EU parliament to favour e-fuels, hydrogen: EPP lawmaker

The new EU parliament will be more pragmatic in 2024-2029, favour continuation of the internal combustion engine (ICE) beyond 2035 as well as more flexible rules for low-carbon hydrogen, e-fuels, biofuels, and other CO2-neutral fuels, outgoing member of the European Parliament Markus Pieper told Argus. The centre-right European People's Party (EPP) MEP was the key lawmaker behind the EU's revised renewable energy directive.

Will the next parliament favour renewable liquid fuels in spite of provisions for an ICE phase-out?

For me, the end of the internal combustion engine (ICE) has not been decided yet. The next European Parliament will likely have a majority supporting the continuation of ICE beyond 2035. This would provide planning security for investments in innovation and facilities for e-fuels, biofuels, and other CO2-neutral fuels, including power-to-x (P2X) fuels. Instead of an outright ban on combustion engines, there should be a phase-out of fossil fuels, enabling us to achieve climate targets more quickly and cost-effectively, without overloading power grids.
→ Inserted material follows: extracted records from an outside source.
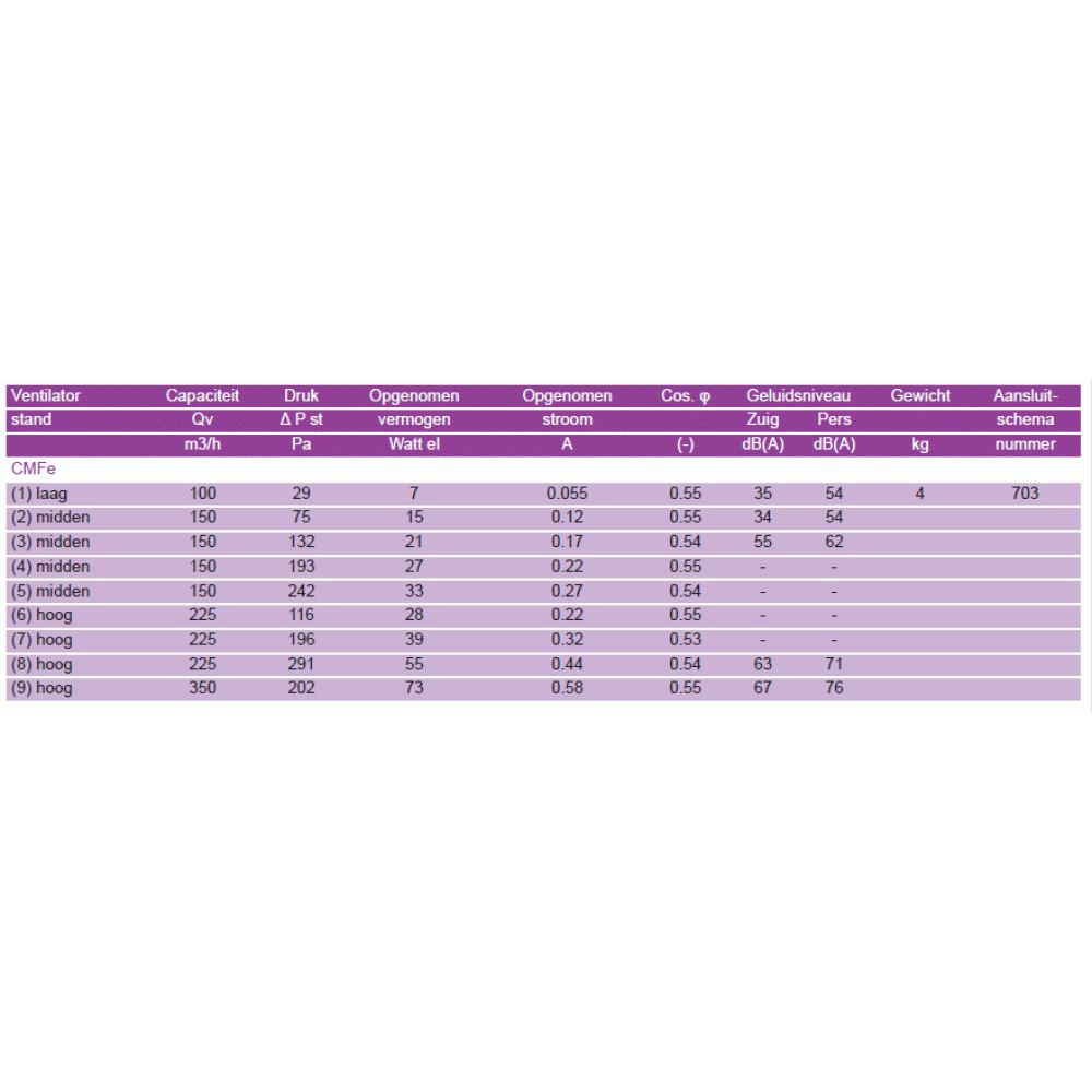 4 voor aanzuig en 1 voor uitblaas
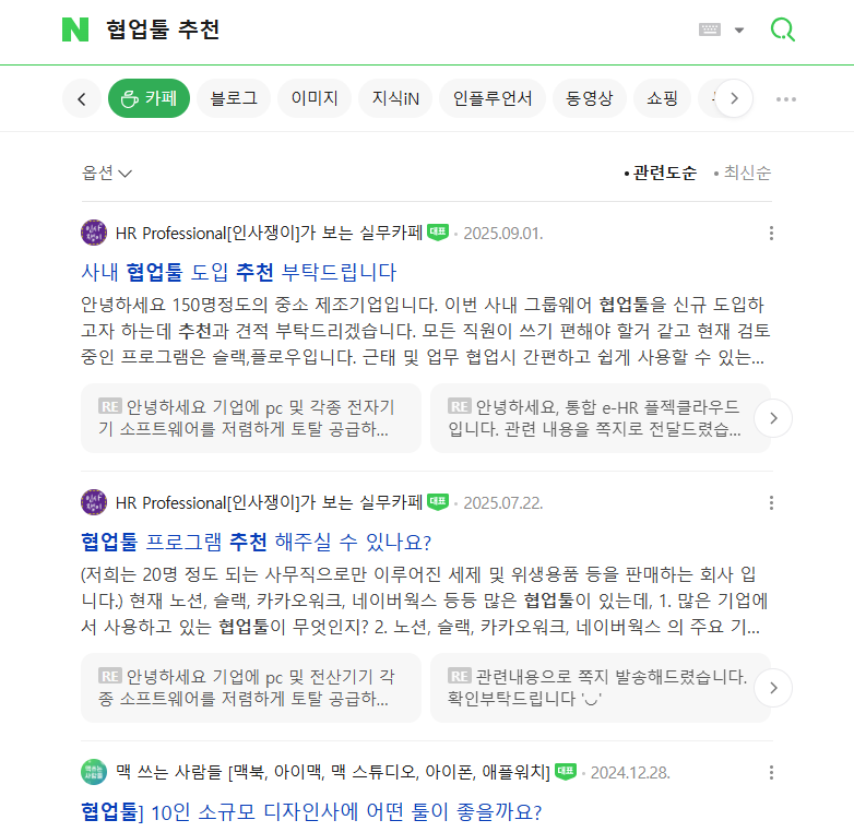 가장 간단한 방법은 업종 관련 키워드로 포털에서 직접 검색해보는 것입니다. 예를 들어 “협업툴 추천”, “기업용 CRM 비교” 같은 키워드를 입력하면, 실제 담당자들이 남긴 질문과 답변을 쉽게 찾아볼 수 있습니다. 이렇게 발견된 질문은 그대로 고객의 고민을 보여주기 때문에, 기업 입장에서는 고객이 어떤 언어를 사용하고 어떤 문제를 중요하게 여기는지 직접 확인할 수 있습니다.
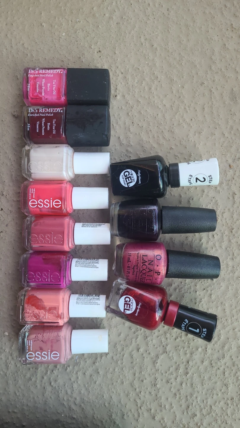 A collection of nail polishes including Essie, OPI, Dr's Remedy, and Sally Hansen Miracle Gel. Includes various shades and finishes. Most bottles are 0.5 fl oz. This lot is great for anyone looking to expand their nail polish collection!
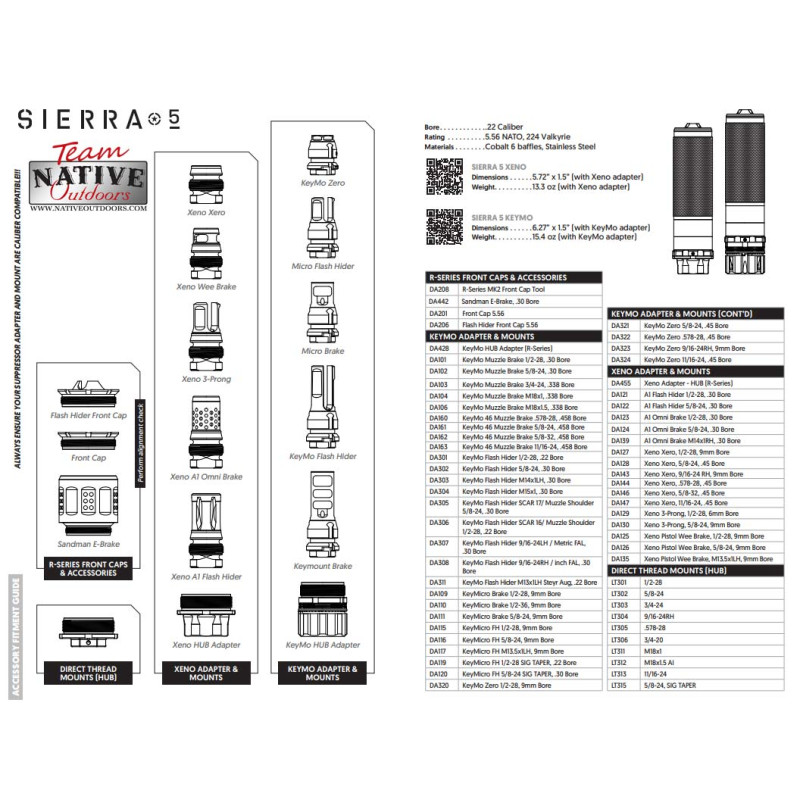 Introducing the all-new 5.56 silencer from Dead Air Silencers. From the beginning, our mission has been to give No Quarter in design, performance, and technology. The Sierra 5 stands true to that mission by giving you everything you want out of a dedicated 5.56 silencer. This is a hard-use silencer. We are not cutting costs or decreasing lifespan by using stainless steel baffles. We are not sacrificing durability in search of saving a few ounces. The Sierra 5 is full-auto rated with no barrel length restrictions. Love or hate the knurling, it’s function over form, directly inline with our goal when developing the Sierra 5. Frankly, if you don’t get the Sierra 5 red hot each time you shoot it we might be offended. Built for professional use, it offers the perfect balance of overall sound and flash suppression while maintaining a compact footprint and minimal weight. By utilizing HUB compatible (1.375-24”) mounting adapters, it can be configured to the end user’s specific needs and is available out of the box with either our KeyMo or Xeno mounting system. Featuring the proven winning combination of welded Cobalt 6 baffles wrapped in a stainless outer tube, Sierra 5 is the last 5.56 suppressor you’ll need.

We need to start working on a clear legal framework today. The blending of new fuels must be standardised and regulated.

Do you see the EU parliament favouring greater flexibility in the conditions for renewable hydrogen?

Yes, we have a review clause in the renewable energy directive, whereby the European Commission shall submit a report to council [of ministers] and parliament by 1 July 2028. If this assessment indicates that we cannot achieve targets for green hydrogen in industry due to a lack of supply, then we must adjust the definition of green hydrogen. If we do not adapt, the industry may relocate to regions with fewer environmental regulations. We need to be flexible in our legislation and ready to adjust rules due to worldwide competition.

How can a new EU parliament improve on existing legislation for 2030 climate and energy goals?

The magic word is technological openness. We need to get the best out of all energy resources. Additionally, we need to invest significantly more in the energy transition, especially in the expansion of cross-border green electricity projects. The new European Parliament will likely be more pragmatic and realistic in its energy goals.

Does the EU need to rethink the 2040 goals?

There's no need to rethink the 2040 CO2 reduction target of 90pc [compared with 1990 levels]. But we need to rethink how to achieve goals and keep a close eye on China and India. Europe must constantly redefine and adapt legislation as necessary. One crucial step is reaching new trade arrangements [to balance higher EU climate standards for domestic industry than global competitors]. We have to be more realistic.

Do you think EU 2030 targets for hydrogen are too ambitious?

Yes, the target for green hydrogen to represent 42pc of hydrogen used by industry in 2030 is too ambitious from today's point of view. And I currently don't see the capacity to produce enough hydrogen in Europe. As for imports, non-EU producers often do not meet the same standards for producing green hydrogen. This means we'll need to adapt our definition of green hydrogen and consider more low-carbon solutions. The Paris Climate Agreement remains our primary goal. If we can achieve these goals with low-carbon hydrogen, why not? Still, it remains possible to meet the 2030 green hydrogen targets if we adapt the definition.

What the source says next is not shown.